The god of Abraham is ruled out by the fact that the things it is said to have done didn't happen. If there's a god, it isn't the one described as having created the universe in six days, creating the kinds and the first two humans, confounding humanity with families of mutually incomprehensible languages, or flooding the earth. You know what happened. If there's is a god, it did that, not all of these things that never happened.
Others have tried to mitigate that argument by arguing that one is not to believe the stories - to treat them as allegories rather than actual historical accounts and then the god can come alive. Well, yeah, if we can change the meaning of words, we can make the claims not incorrect, but then they words describe another god or no god.
This is how the Christians argue that Jesus is the prophesied Hebrew messiah and Jesus are the same person - they simply redefine the meaning of the words of prophecy. Mortal human? It doesn't really mean that. A demigod fulfills prophecy. Radically changed the world in his lifetime? That's Jesus all right - the greatest reformer of all time notwithstanding the apparent fact that without Paul and Constantine, this religion would likely not be remembered after the first century CE except perhaps in scholarly works.
Do you find a flaw in this argument?
I wil call it ImpossibleWithoutGod
Nothing that is known to be possible is known to require a god to make it possible. Sorry, but this god is still looking for a job in reality - something it is needed to explain. Right now, we still don't have good answers for where the earliest universe came from, why it began expanding 13+ billion years ago, what dark matter and energy are, and where the first life came from. But the gaps in knowledge are narrowing every year. It appears that no gods are needed to account for nature. They aren't causing the thunder or dragging heavenly bodies through the skies. We don't need them for electrons to pass through circuits, for night to turn to day, or to breathe life into newborns. So what DO we need it for?
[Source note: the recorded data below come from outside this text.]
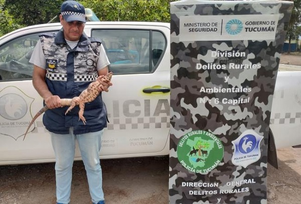 Un equipo de la División Delitos Rurales y Ambientales Capital N° 6 rescató una iguana que fue hallada por vecinos del Barrio Sivanto, en la ciudad de Tafí Viejo.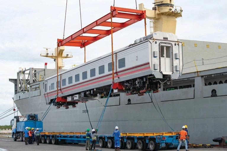 Layanan pengiriman alat berat dan mesin industri.
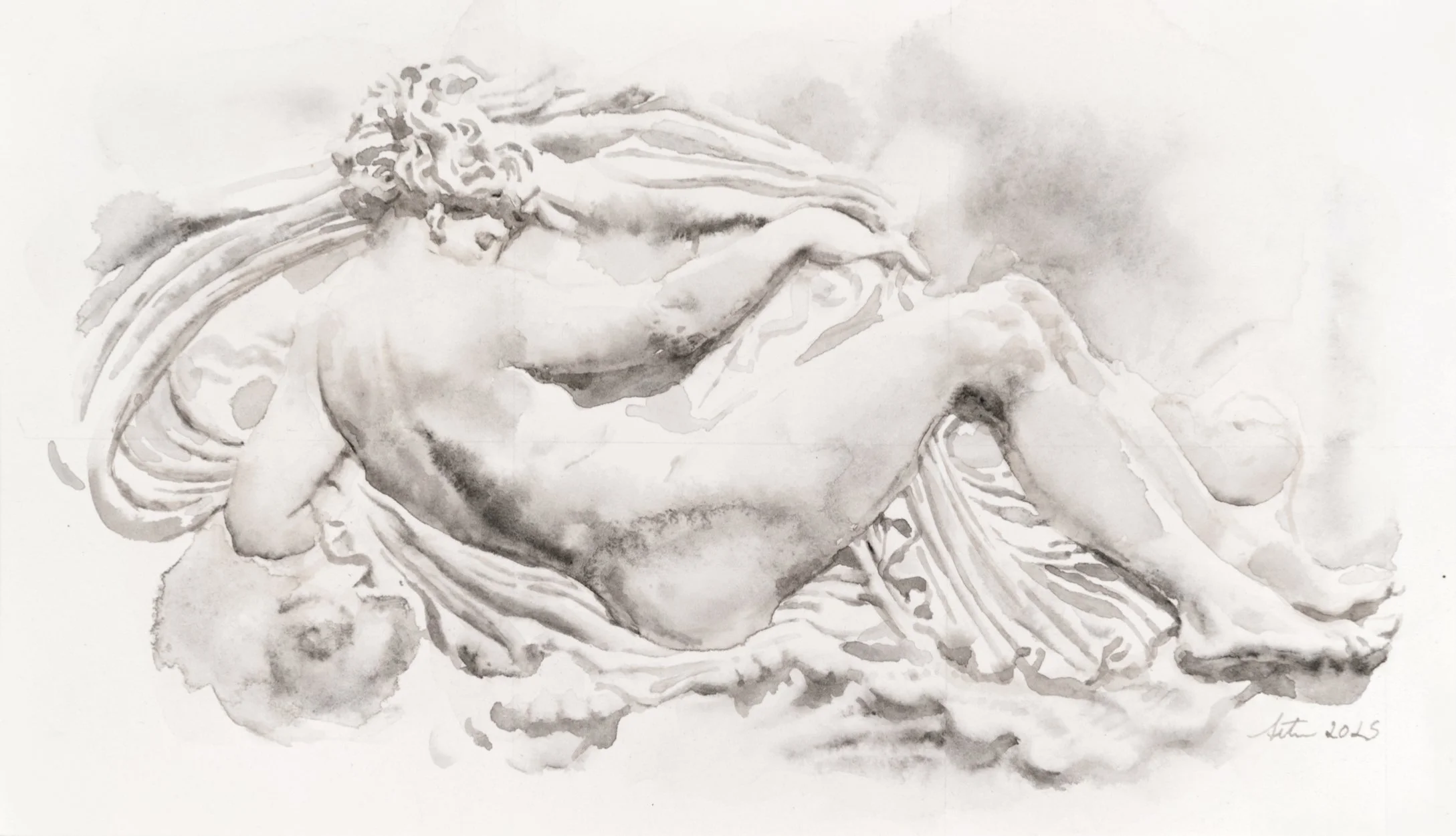 Wendy Artin watercolor of small leggy Nymph from Jean Goujon's bas relief sculpture, in exhibition Cornucopia XXV at Gurari Collections 2025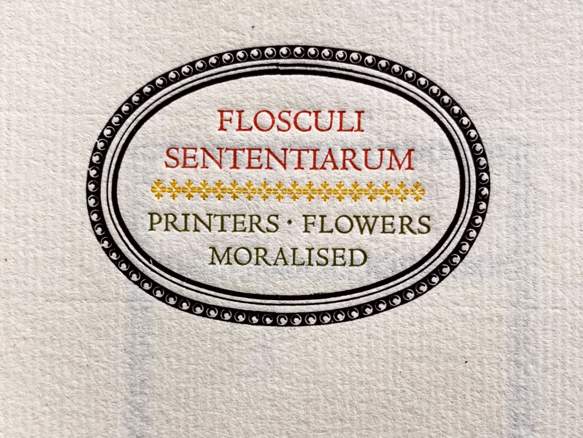 Een groot genot voor de typografieminnaar! Achterin een fantastisch gestyleerde, feestelijke toelichting van de boekgeleerde Dale R. Roylance. Dit uiterst begerenswaardige boek komt uit de collectie van Huib van Krimpen. De titel ‘Flosculi Sententiarum’ betekent letterlijk ‘bloemetjes van de zinspreuken’ of van de wijsheid. En kleurige, geestrijke bloemen, dat zijn het.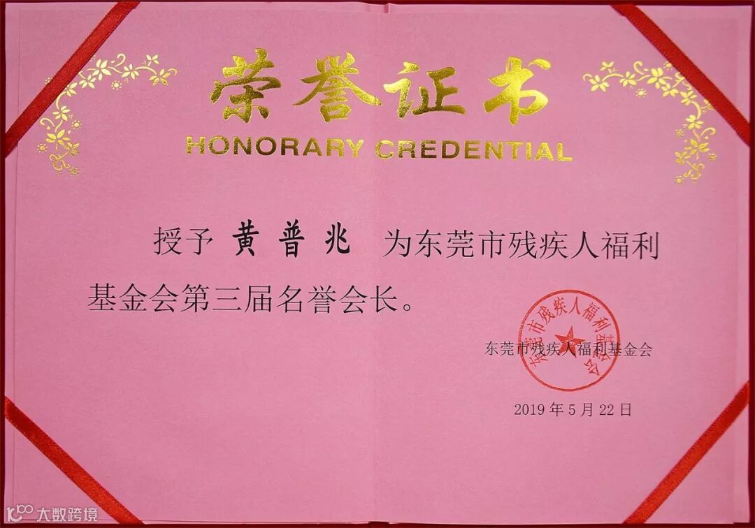 黄普兆董事长(左二)被授予荣誉证书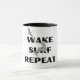 Esta xícara apresenta um design gráfico dinâmico de um acordar surfando, com uma onda estilizada abaixo e um pássaro voando sobre o alto. As palavras "REPEAT do SURF do ACORDAR" são exibidas de forma destacada, acima e abaixo do surfista, em letras maiúsculas a negrito. Este design capta a emoção e o entusiasmo da surfe em acordares, fazer-o como uma escolha perfeita para os entusiastas de esportes aquáticos.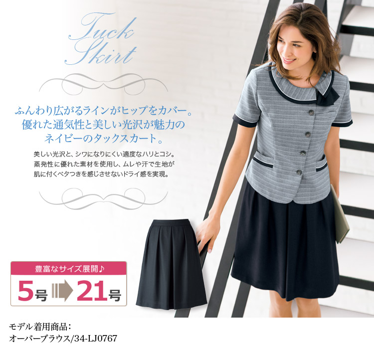 【在庫限り】[春夏用]サラリとした着心地!ふんわりしたシルエットが魅力のネイビー・タックスカート(34-LS2745)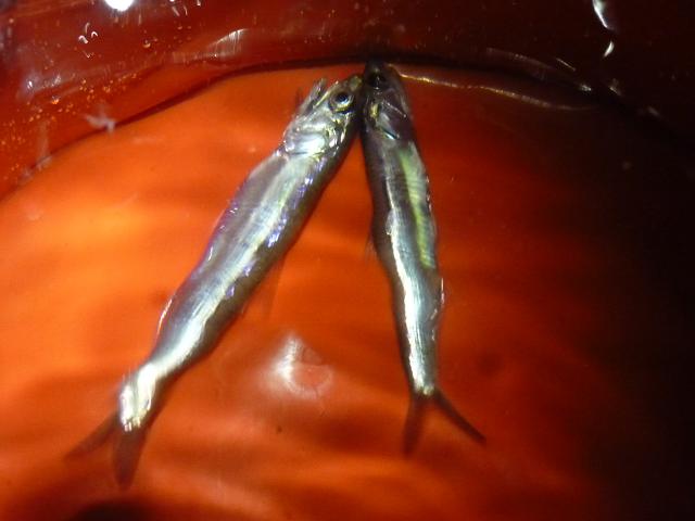 結局、釣れたのはカタクチイワシ2匹のみでした。トホホ・・・
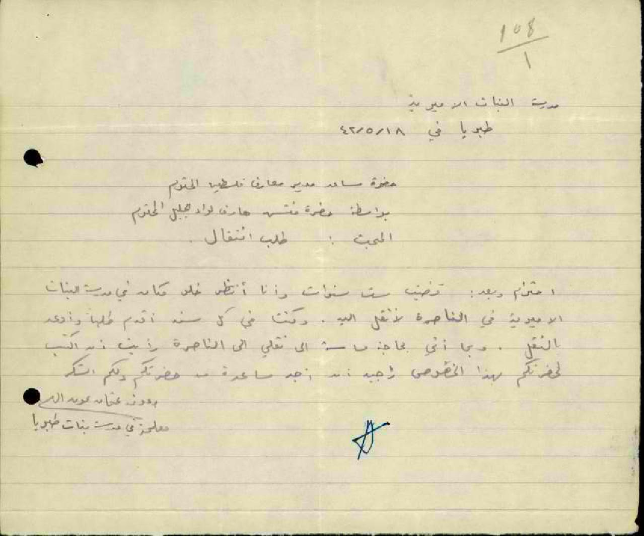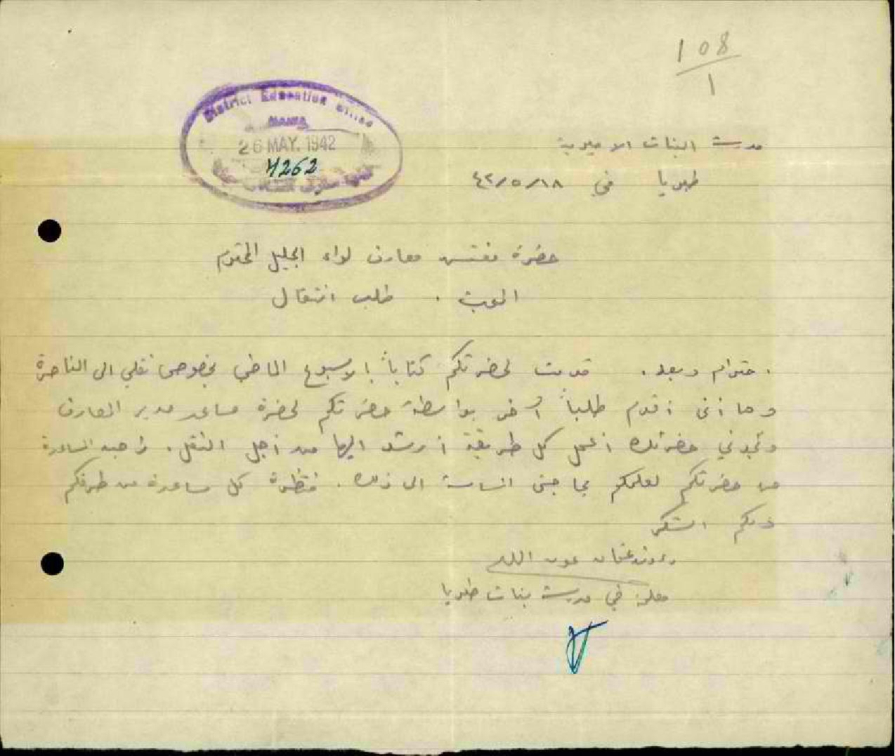 رسائل من المعلمة رؤوفة عون الله الى مفتش المعارف تطلب فيها نقلها من مدرسة طبريا الى الناصرة

Christianity, the largest religion in the United States, experienced a 20th-century high of 91% of the total population in 1976. This declined to 73.7% by 2016 and 64% in 2022.
Yes, which alone can account for the decline in Abrahamism in the West, since the other three Abrahamic religions (I'm including the Mormons and JWs with the Christians) altogether are just a few percent of Western Abrahamics - Jews, Muslims, and Baha'i
There is no such thing as the God of the Bible..... there is just God, the God of all the great religions.
These gods are all quite distinct. Christianity's god had a son and sent a messiah, but neither the Jewish deity or the Muslim deity did, nor did yours to my knowledge. How often do you tell me what Baha'is don't believe that these others do? Your god is different than theirs.
You answered that? He asked, "Was evolution gradual or was it by hopeful monsters?" I couldn't think of what that might have meant that would make it sensible. He's a creationist, so he likely believes that life "evolved" in six days at the hands of a god many consider monstrous, but I doubt he meant that - evolution versus his god.
Nevertheless, Dawkins said it well: "The god of the Old Testament is arguably the most unpleasant character in all fiction: jealous and proud of it; a petty, unjust, unforgiving control-freak; a vindictive, bloodthirsty ethnic cleanser; a misogynistic, homophobic, racist, infanticidal, genocidal, filicidal, pestilential, megalomaniacal, sadomasochistic, capriciously malevolent bully."
God did not write the Bible so there is no reason to believe that any of these stories are literally true.
We're in accord there. Yet as you can see, many do believe these stories.